Wpis z mikrobloga

Zostałem ojcem, mam córkę. Kiedyś dzieci były mi obojętne, małe różowe, je, śpi, sra i płacze. Na ręce nie chciałem brać bo po co? Teraz jakoś mi się pozmieniało o 180 stopni, nie widzę świata poza małą, chyba dotknęło mnie takie prawdziwe #ojcostwo kilka osób mi kiedyś opowiadało że tak mieli, ale nie rozumiałem tego. Teraz rozumiem ten stan, wspaniałe uczucie, polecam.

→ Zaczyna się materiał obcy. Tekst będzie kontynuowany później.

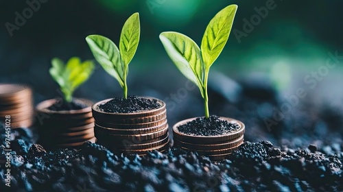 A creative concept of business growth with plants growing out of coins, symbolizing sustainable business practices.

#dzieci #wygryw #chwalesie
  • 13
@tonek88: ja mam 22 miesięcznego syna i jest totalnie oczkiem w głowie. Na start tak spoko, mam syna ale jak zaczął się uśmiechać, reagować na mnie, jakaś interakcja zaczęła następować - totalnie odleciałem. Teraz jedziemy autem i mi każe trzymać ręce na kierownicy obie, mówi, że kocha, śpiewa ogórka na swój sposób a ja się tym wszystkim mega jaram.

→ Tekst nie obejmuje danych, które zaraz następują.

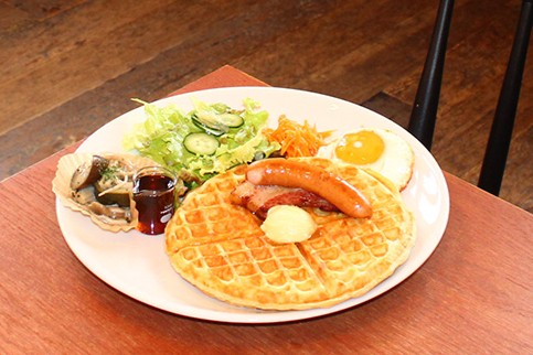 看板メニューは『ワッフルプレート』。県産小麦・ゆきちからで作った外はさっくり、中はモチモチ食感のワッフルに副菜を盛り合わせた一品です。
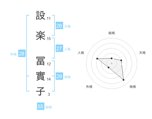 設楽 冨實子さんを姓名の画数から五運を鑑定

@Jonn: chemia to może u kobiet, które od razu po porodzie
@Bazarnia: nie zajebiste a świadczy o rozwoju. I to cieszy, nie chwalę się na prawo i lewo "bombelkiem", w wątku o dziecku odpisałem OPowi a nie tobie więc co mi tu wyjeżdżasz z ryjem brudnym od kaszki?
@kruszon_: wyjaśnię - dla dziecka w tym wieku każdy miesiąc to mega postęp, dlatego też podajesz wiek w miesiącach. U lekarza - w miesiącach. Jak będzie miał lat 3+ to podam w latach.
Czyli cokolwiek by nie zrobiło, to jest zajebiste.


@Bazarnia: @koters:

ale tak jest. Bo ja pamiętam, jak syn się urodził i był pomarszczonym robaczkiem, który ruszał kończynami, jadł i płakał, i dlatego zaskakuje, gdy zaczyna mieć swoją własną wolę, gada, odkrywa świat i próbuje robić rzeczy na własną rekę.
Ja się jarałam jak (wtedy) mój dwuletni syn szedł ze mną do kawiarni (mieszkamy w Londku) i mówił:
Hello, one babyccino,
@Bazarnia: Ale tak jest, bo takie proste rzeczy cieszą człowieka i to nie ma być śmieszne, dla mnie tak wygląda radość. No i trochę teraz rozumiem to pieluszkowe zapalenie mózgu.